I thought it might be fun to discuss something that many people have asked me about over the years: “Should I include really easy or really hard questions on my assessments?” It is difficult to provide a simple “Yes” or “No” answer because, as with so many things in testing, it depends! However, I can provide some food for thought that may help you when building your assessments.
We can define easy questions as those with high p-values (item difficulty statistics) such as 0.9 to 1.0 (90-100% of participants answer the question correctly). We can define hard questions as those with low p-values such as 0.15 to 0 (15-0% answer the question correctly). These ranges are fairly arbitrary: some organizations in some contexts may consider greater than 0.8 easy and less than 0.25 difficult.

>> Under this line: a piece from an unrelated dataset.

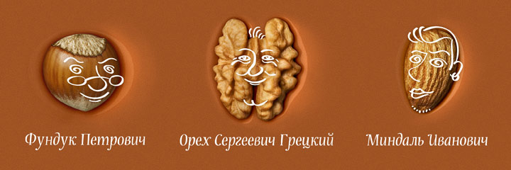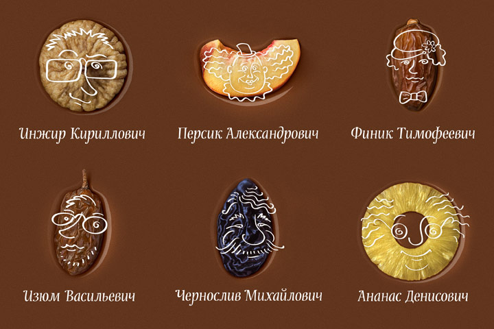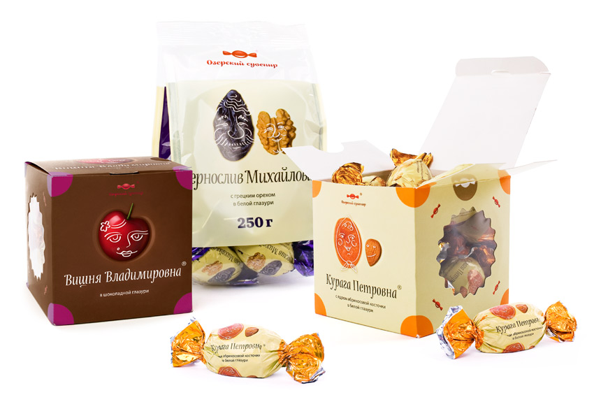 Артемий Лебедев с конфетками на выСтудия Артемия Лебедева очень переживает за судьбу сладостей Кондитерского комбината "Озерский сувенир". Для того, чтобы множество разновидностей индивидуально завернутых сухофруктов и орехов в шоколадной глазури не затерялись среди аналогичных конфет производства других фабрик, чтобы покупатель мог узнать их в лицо и по имени, сотрудники Студии придумали для каждого сорта свое лицо, а также имя-отчество, благодаря чему покупатель теперь может попросить у продавца не безымянную конфету, а Вишню Владимировну или Кумквата Карловича. Сухофрукты в белом шоколаде будут упакованы в фантики молочно-желтого цвета, конфеты в темном шоколаде - в коричневые. Это сделает навигацию максимально удобной для сластен. Развесные сорта будут продаваться пакетах и коробочках от дизайнеров Студии. Специально для этого проекта был создан новый шрифт "Кендисвит", которым выполнены все названия конфет и заголовки. Работа выполнена по заказу компании "Роялти энд проперти менеджмент истеблишмент кампании".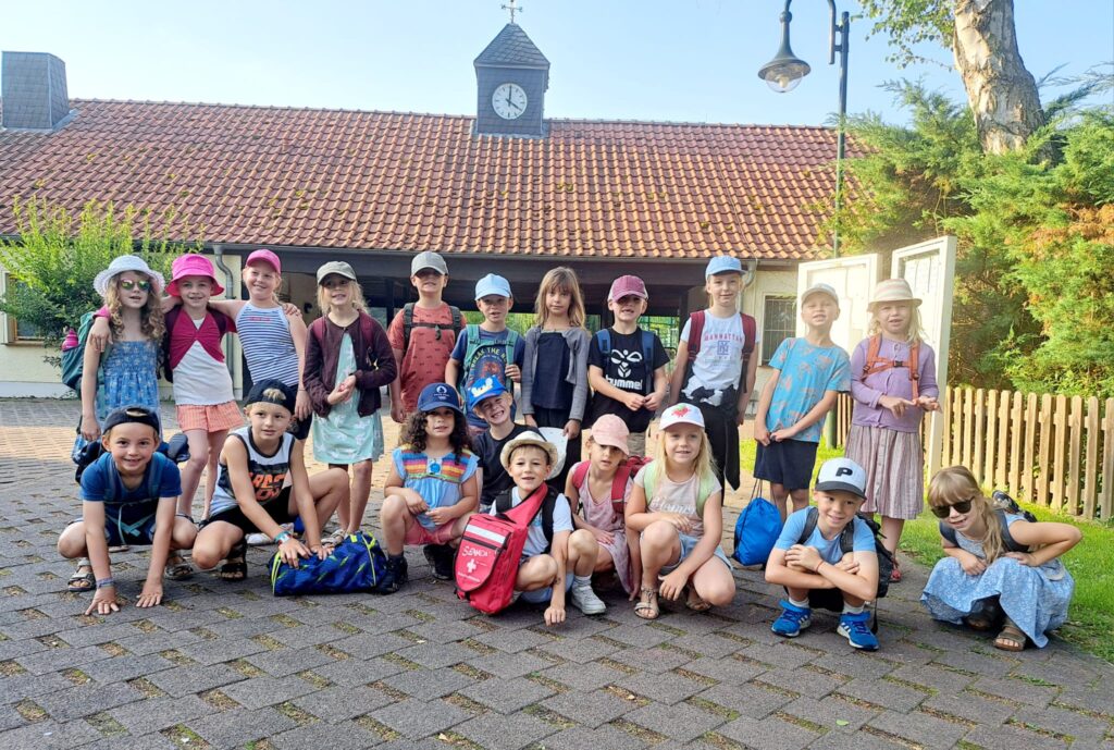 Am 3. August war es so weit: Wir wurden eingeschult. In St. Katharinen haben wir den Tag mit einem gemeinsamen Gottesdienst gestartet. Unsere Paten haben für uns gesungen und eine Geschichte über Jesus vorgespielt.

When considering how easy or difficult questions should be, start by asking, “What is the purpose of the assessment program and the assessments being developed?” If the purpose of an assessment is to provide a knowledge check and facilitate learning during a course, then maybe a short formative quiz would be appropriate. In this case, one can be fairly flexible in selecting questions to include on the quiz. Having some easier and harder questions is probably just fine. If the purpose of an assessment is to measure a participant’s ability to process information quickly and accurately under duress, then a speed test would likely be appropriate. In that case, a large number of low-difficulty questions should be included on the assessment.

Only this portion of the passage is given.